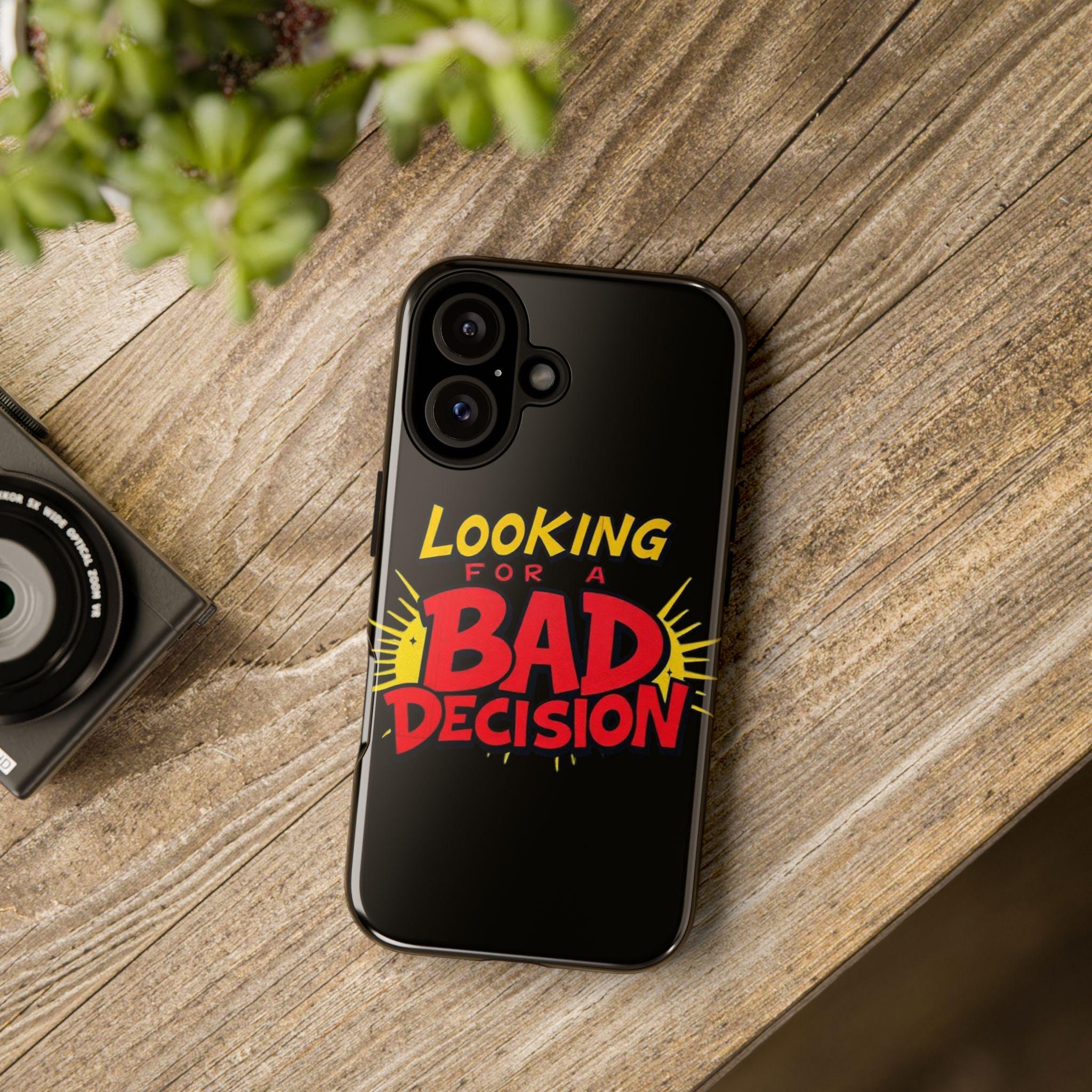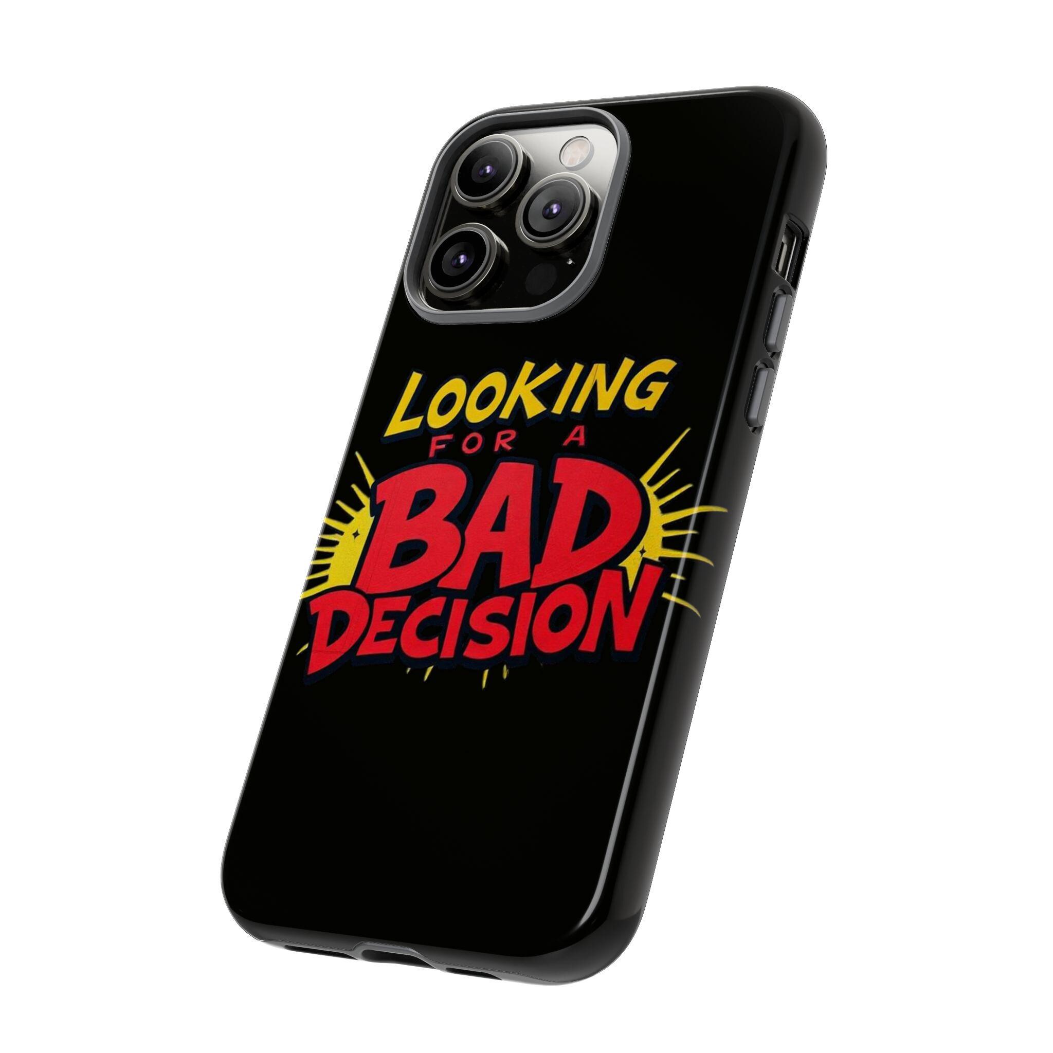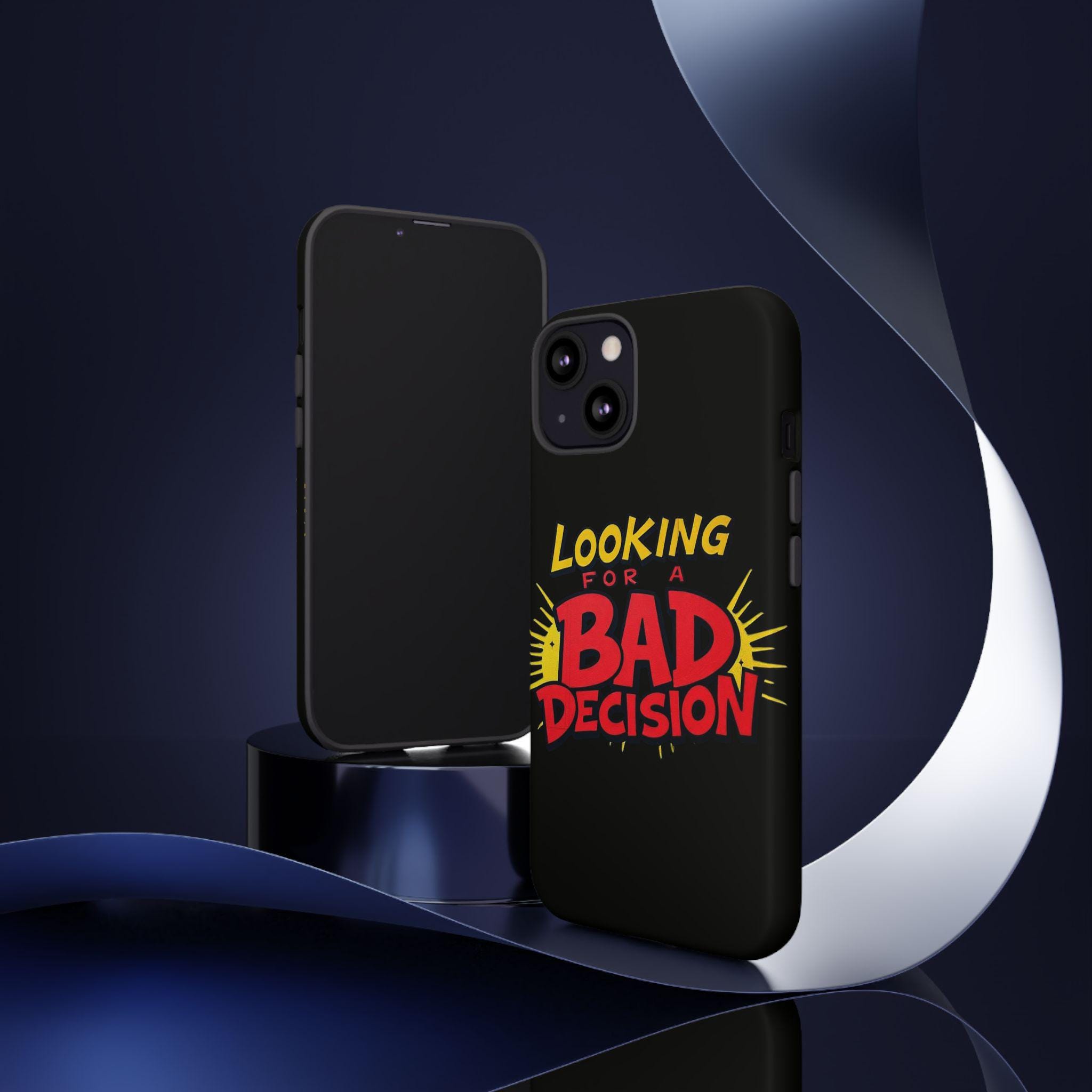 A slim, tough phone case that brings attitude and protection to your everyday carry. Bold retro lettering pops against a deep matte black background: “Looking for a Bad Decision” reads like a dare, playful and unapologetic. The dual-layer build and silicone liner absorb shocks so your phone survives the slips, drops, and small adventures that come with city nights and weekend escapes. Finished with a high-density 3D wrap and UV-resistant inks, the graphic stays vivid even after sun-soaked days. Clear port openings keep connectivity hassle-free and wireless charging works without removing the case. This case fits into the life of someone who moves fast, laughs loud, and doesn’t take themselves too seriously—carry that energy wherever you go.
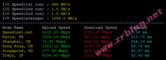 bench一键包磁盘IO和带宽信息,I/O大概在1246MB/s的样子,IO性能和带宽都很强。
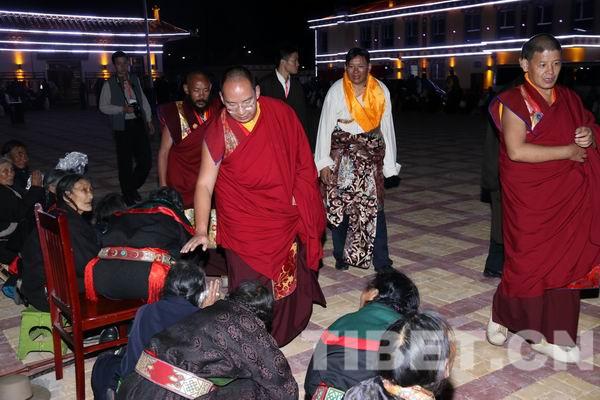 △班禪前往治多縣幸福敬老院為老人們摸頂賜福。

Task statement
Give back the material word for word and drop the pictures it holds.

Response below
 A slim, tough phone case that brings attitude and protection to your everyday carry. Bold retro lettering pops against a deep matte black background: “Looking for a Bad Decision” reads like a dare, playful and unapologetic. The dual-layer build and silicone liner absorb shocks so your phone survives the slips, drops, and small adventures that come with city nights and weekend escapes. Finished with a high-density 3D wrap and UV-resistant inks, the graphic stays vivid even after sun-soaked days. Clear port openings keep connectivity hassle-free and wireless charging works without removing the case. This case fits into the life of someone who moves fast, laughs loud, and doesn’t take themselves too seriously—carry that energy wherever you go.
 bench一键包磁盘IO和带宽信息,I/O大概在1246MB/s的样子,IO性能和带宽都很强。
 △班禪前往治多縣幸福敬老院為老人們摸頂賜福。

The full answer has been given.